On IntelliJ IDEA, for instance, you can unpack this tar.gz under a project workspace and evaluate. I used fernflower, the IDEA Decompiler, and got into a git repo so you can browse into this repository:
https://github.com/aldrinleal/lambda-java-runtime
Understanding the Lambda Shell Source
Lets see the relevant parts of the source:
/**
* Represents a Shell Interface to AWS Lambda
*/
public class LambdaShell {
public static void main(String[] args) throws Exception {
final Map<String, List<String>> result = new LambdaShell().runCommands(Collections.singletonList("ps -aux"));
System.err.println(result);
}
@LambadaFunction(name="lb_runCommand", memorySize = 512, timeout = 300, role="*/lambda_s3_full")
public Map<String, List<String>> runCommands(List<String> inCommands) throws Exception {
Map<String, List<String>> result = new LinkedHashMap<>();
for (String e : inCommands) {
List<String> commandResult = runCommand(e);
result.put(e, commandResult);
}
return result;
}
public List<String> runCommand(String command) throws Exception {
String[] args = command.split("\\s+");
if (command.startsWith("!aws s3 cp")) {
// !aws s3 cp <sourceFile> <targetPath>
String sourceFile = args[3];
String targetPath = args[4];
copyFile(sourceFile, targetPath);
} else {
final ByteArrayOutputStream os = new ByteArrayOutputStream();
runCommandArray(os, args);
return Arrays.asList(new String(os.toByteArray()).split("\n"));
}
return null;
}
private void copyFile(String sourceFile, String targetPath) {
AmazonS3 s3Client = new AmazonS3Client();
AmazonS3URI uri = new AmazonS3URI(targetPath);
String key = uri.getKey();
String bucketName = uri.getBucket();
s3Client.putObject(new PutObjectRequest(bucketName, key, new File(sourceFile)));
}
}
The main() method is a test stub. Lambda won't use it under any circunstances, so we could test/debug it locally on my workstation. However, the next method is more interesting:
@LambadaFunction(name="lb_runCommand", memorySize = 512, timeout = 300, role="*/lambda_s3_full")

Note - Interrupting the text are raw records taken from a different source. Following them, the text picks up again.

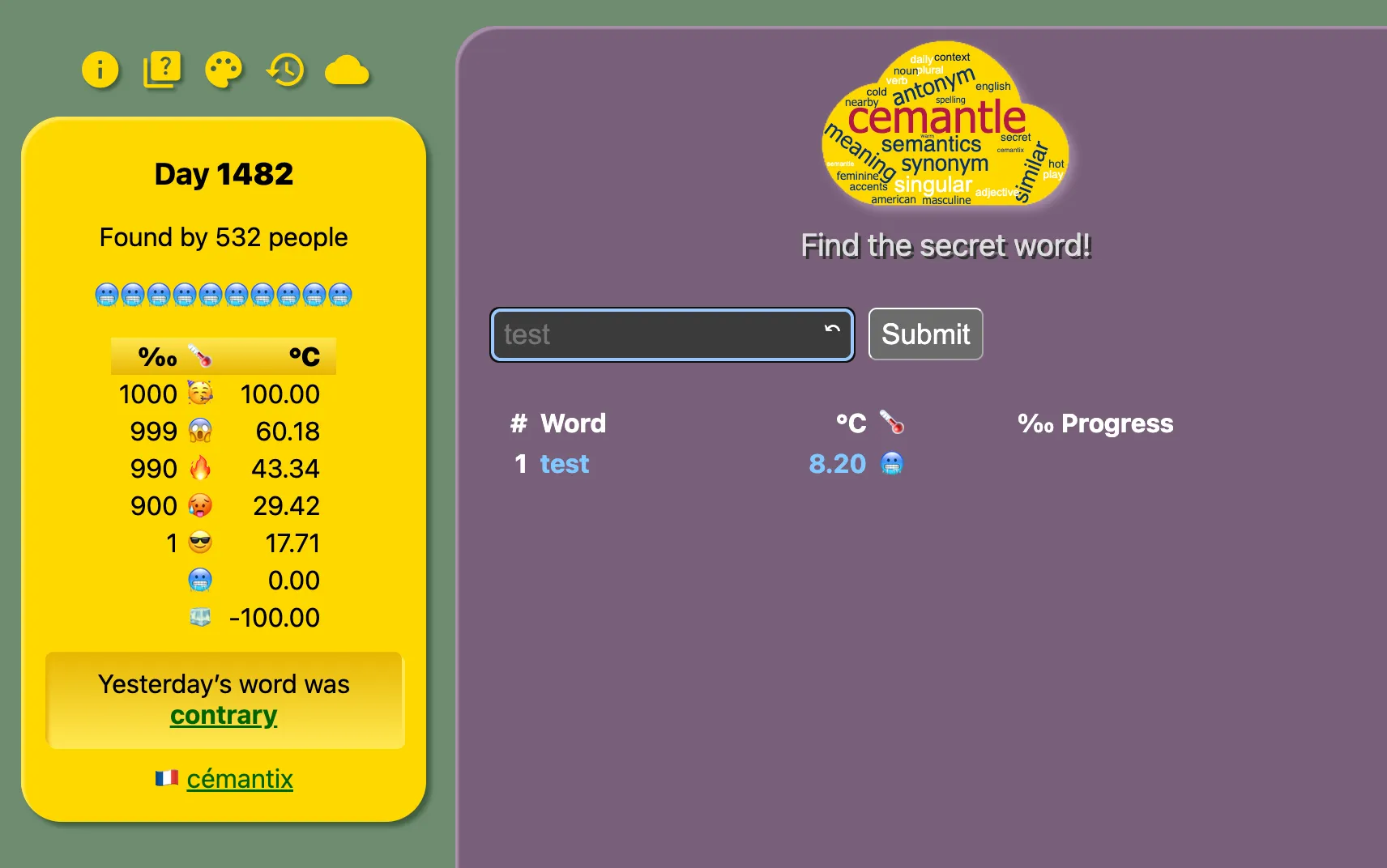 Go to cemantle.certitudes.org and type your first English word into the input box. Today’s secret word is already waiting.
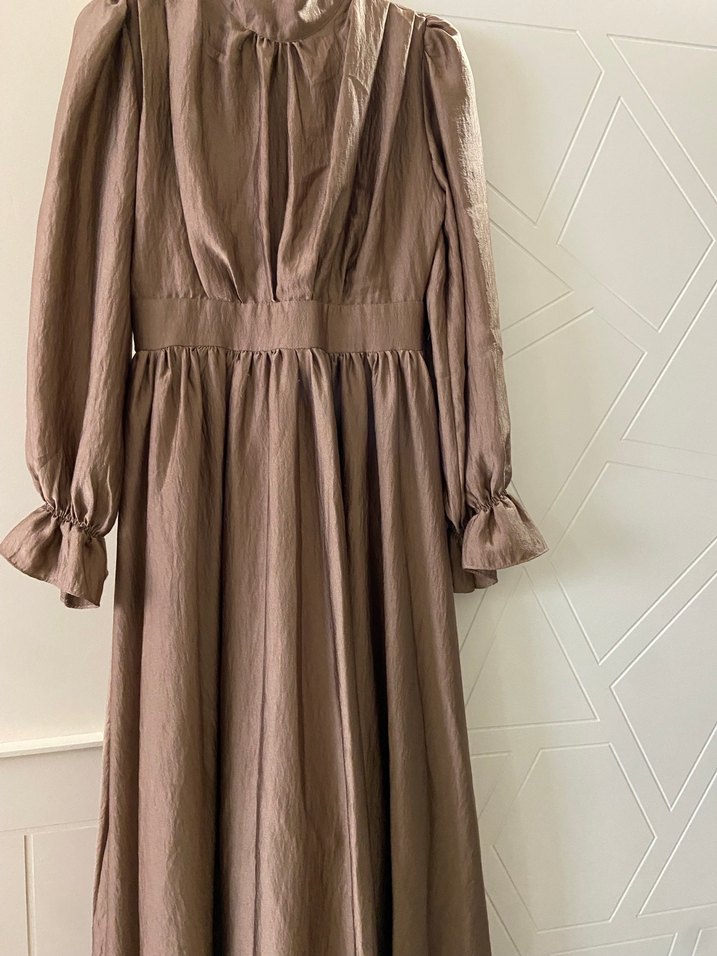Bej renkli, keten kumaştan uzun elbise. Pileli detaylara ve yüksek yakaya sahip, uzun kollu ve bol kesim. Modern klasik ve vintage şıklık sunar.
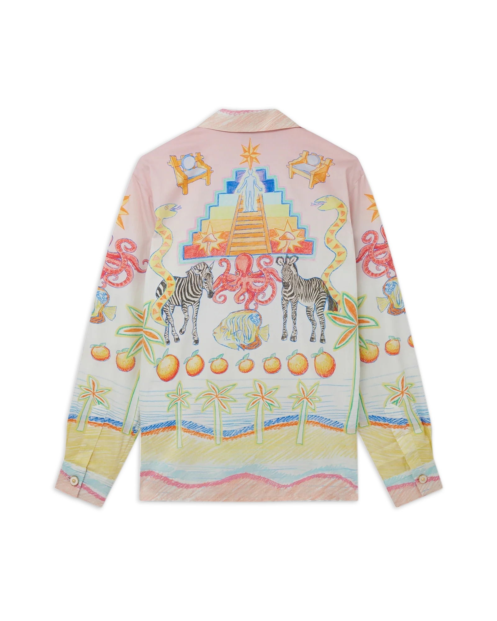 The L’Arbre De Vie cuban collar linen shirt is a printed long-sleeve style featuring an effervescent take on an evocative landscape scene inspired by Mexican artist Pedro Linares. fantasy creatures depicted in kaleidoscopic colours are a form of spirit animals. Finished with an intended open collar. Casablanca Paris branded label. front button closure and signature gold rim pearl buttons. designed for a relaxed fit.
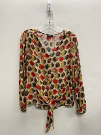 APNY Size S Cream/Green Red/Yellow Geometric V Neck Sheer Ladies Top
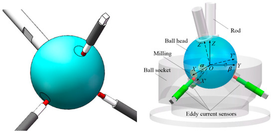 To further improve the measurement accuracy and resolution, we performed a systematic analysis of the error factors that affect the measurement accuracy [19]. The results revealed that the clearance of the ball joint is a crucial error factor. This clearance not only affected the working accuracy, but also caused the ball center to drift, which induced additional changes in the magnetic induction strength value at the location of the Hall sensor and resulted in angle measurement errors. Therefore, we embedded three eddy current sensors in the ball to detect the clearance in real time.
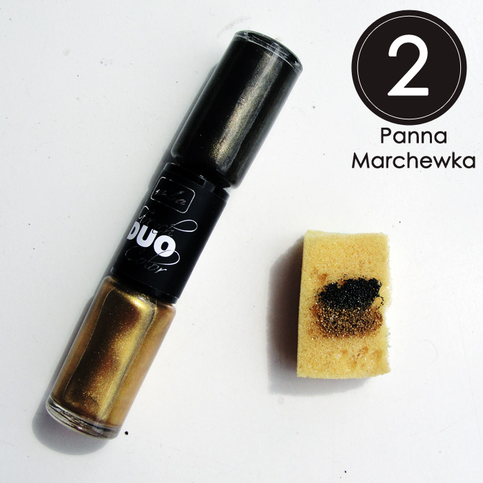 2. Jedną gąbeczkę malujemy lakierami- tworzymy dwie osobne kreski mniej więcej grubości paznokcia, a środek pokrywamy dwoma na raz by kolory ładnie się zmieszały
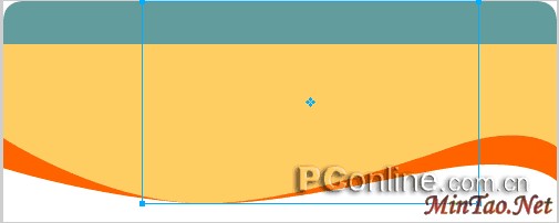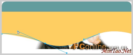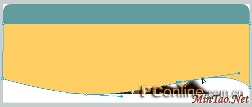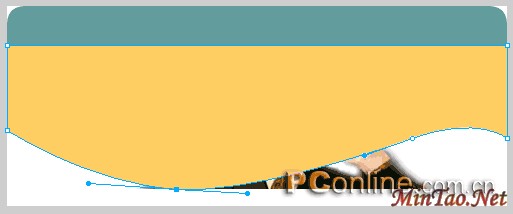 6、通过对两个路径节点的调节手柄的调节,拖动,可以使得原本水平的底面产生如下图所示的波浪形。其实我们通过使用钢笔工具使得两个路径节点的调节手柄显现出来后,剩下的调整工作就可以使用超级选择工具来进行了,这样比钢笔调整更轻松些,各位自行试验吧!
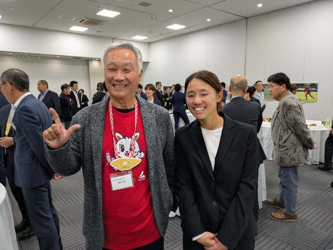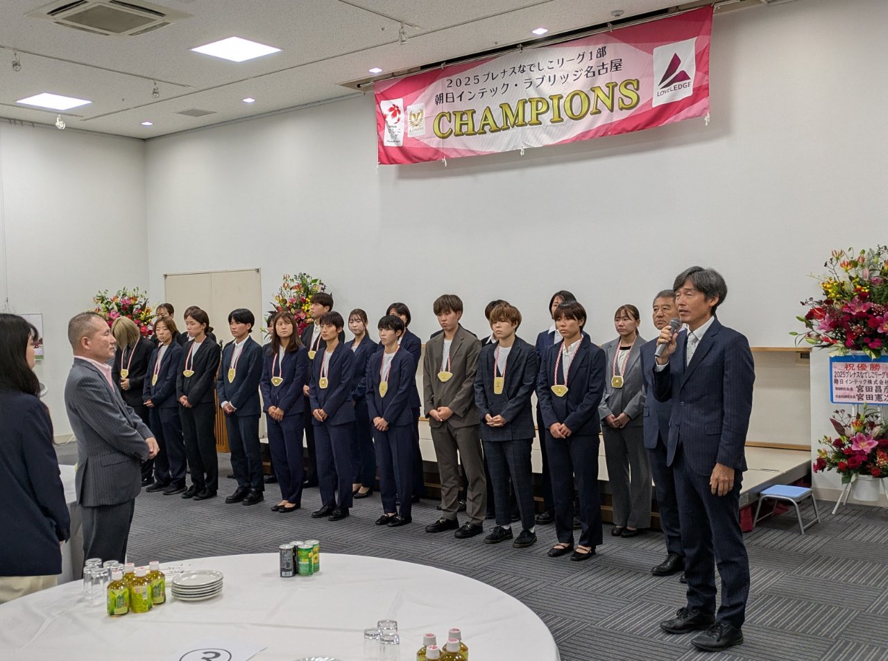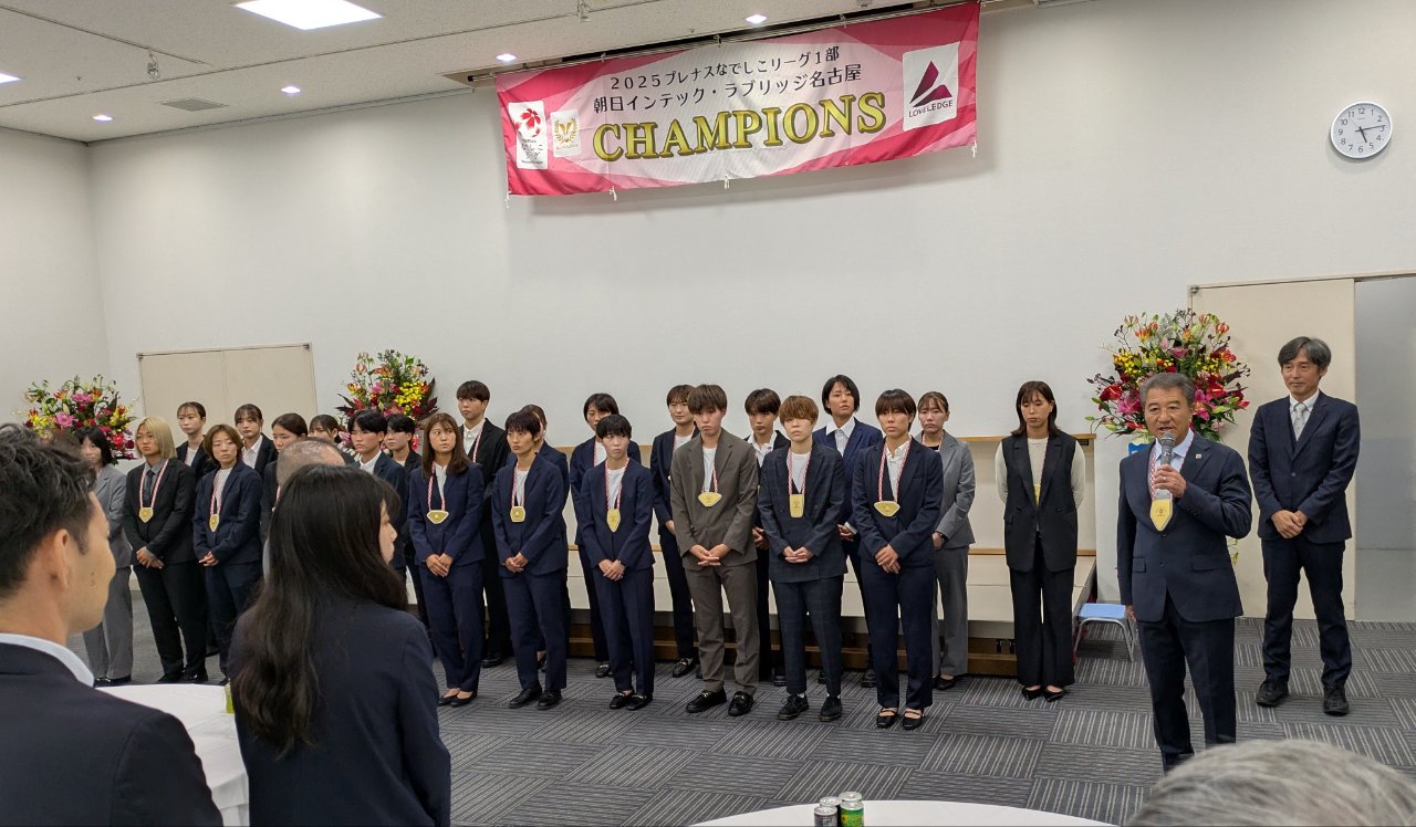 令和7年11月9日(日)瀬戸市の「瀬戸蔵」にて17:00~朝日インテック・ラブリッジ名古屋、なでしこリーグ1部優勝を祝う祝賀会に参加してきました。瀬戸市長の川本雅之様、朝日インテック株式会社の宮田憲次社長様はじめたくさんの方々がお祝いのご挨拶をされ、その後は選手との歓談で各テーブルごとに「おめでとう」の声が聞こえてきました。特に地元瀬戸市に於いてすでに地元から愛される存在になっているなと感じました。藤井聡太さんの次ぐらいかな…あ、瀬戸朝香さんもいましたね。あらためて優勝おめでとう!

public Map<String, List<String>> runCommands(List<String> inCommands) throws Exception {
It tells us several things:
- By default, we use the
lambda_basic_executionrole (it is configurable on the lambda-maven-plugin). But here, we are overwriting its role to uselambda_s3_full- which we created previously. - We are also overwriting memory size and timeout. Timeouts larger than 60 (seconds) don't have their output shown into the AWS Lambda Console (but you can see it under CloudWatch Logs though)
- We're using bare structures. Reading an array and return a map of list of strings.
The method runCommand actually delegates between spawning a shell (wrapped into a .sh file) and/or running the aws s3 cp command (which is defined on the copyFile method.
Understanding the Runtime Source Code
TBD
Concluding
This method is useful, since we can validate the contents of the built-in container used for AWS Lambda (it is often updated - see its docs for reference), as well as investigate its inner workings and allowing us to run commands.